The RDD Center is the only anesthesia detox center that offers the non-addicting, opiate blocking Naltrexone Therapy in 3 different dosage forms.*
Choices of Naltrexone Therapy
Naltrexone Subcutaneous Pellet/Implant-This small ‘pill-sized pellet’ is placed just under the skin in the lower abdomen while the patient is under anesthesia. The Naltrexone implant/pellet releases the opiate blocking medication over a 3-month period. During this time, the Naltrexone implant/pellet completely dissolves and disappears.
Daily Oral “pill form” of Naltrexone-Upon discharge, each patient will receive a 12-month prescription to be filled at his or her local pharmacy. Naltrexone is FDA approved as an opiate blocking medication, (not to be confused with Suboxone®/Subutex; Buprenorphine, which are partial opiates). Naltrexone is non-addicting and does not cause withdrawal in any way. Naltrexone is recommended as part of the RDD Center’s aftercare program for rapid anesthesia detox, as it helps to reduce cravings and temptations and prevents any feeling from an ingested opiate by blocking the uptake of an opiate drug on the opiate receptors. Naltrexone has a very strong binding affinity to the opiate receptors and once the anesthesia detox procedure is complete will ensure continued sobriety as long as you are on Naltrexone.

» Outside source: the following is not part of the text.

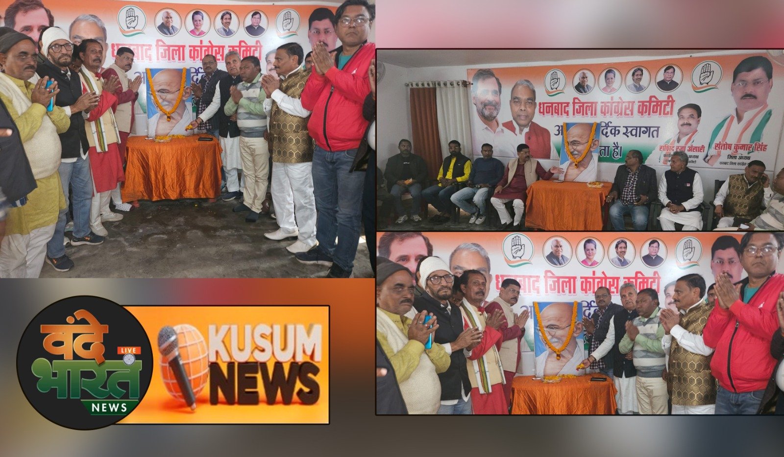 धनबाद, 30 जनवरी 2025: राष्ट्रपिता महात्मा गांधी की पुण्यतिथि के अवसर पर धनबाद जिला कांग्रेस कमेटी ने जिला कांग्रेस मुख्यालय, हाउसिंग कॉलोनी में श्रद्धांजलि सभा का आयोजन किया। कार्यक्रम की अध्यक्षता जिला कांग्रेस कमेटी के अध्यक्ष संतोष कुमार सिंह ने की।कार्यक्रम की शुरुआत कांग्रेस कार्यकर्ताओं द्वारा महात्मा गांधी के तेल चित्र पर पुष्पांजलि अर्पित कर एवं राम धुन के गायन से हुई। इसके बाद गांधी विचार गोष्ठी का आयोजन किया गया, जिसमें कांग्रेस नेताओं ने बापू के आदर्शों और उनके योगदान को याद किया।

Sustained Release Injectable “IM” Shot-This shot releases medication over a 1 month period and is instead of the daily oral “pill form” of Naltrexone. The Naltrexone injection, or pellet delivery systems are mandatory for Methadone and Suboxone®/Subutex patients due to the long half-life of these drugs. We highly recommend the injection delivery system over the pill form which is given in the O.R. post detox due to patient compliance, comfort and ease of delivery. Only Methadone and Suboxone®/Subutex patients are required to have the 30-day Naltrexone injection or 90-day pellet delivery system due to the extreme length of time Methadone and Suboxone®/Subutex remains in the body fat, liver, etc. The Naltrexone Injection constantly releases the blocking medication for 30 days, unlike a pill that must be taken every day. This will ensure that the residual opiate drugs will not re-attach to the clean opiate receptors which would happen if a patient were to accidentally forget a daily pill. If the patient uses opiates while medicated with Naltrexone, they do not experience the effects of the drug. An opiate cannot attach to the opiate receptors due to Naltrexone occupying the opiate receptors as a blocking agent but it is NOT foolproof when attempting to take very high doses. Naltrexone is not an opiate, is non-addictive, and does not cause withdrawal when stopped.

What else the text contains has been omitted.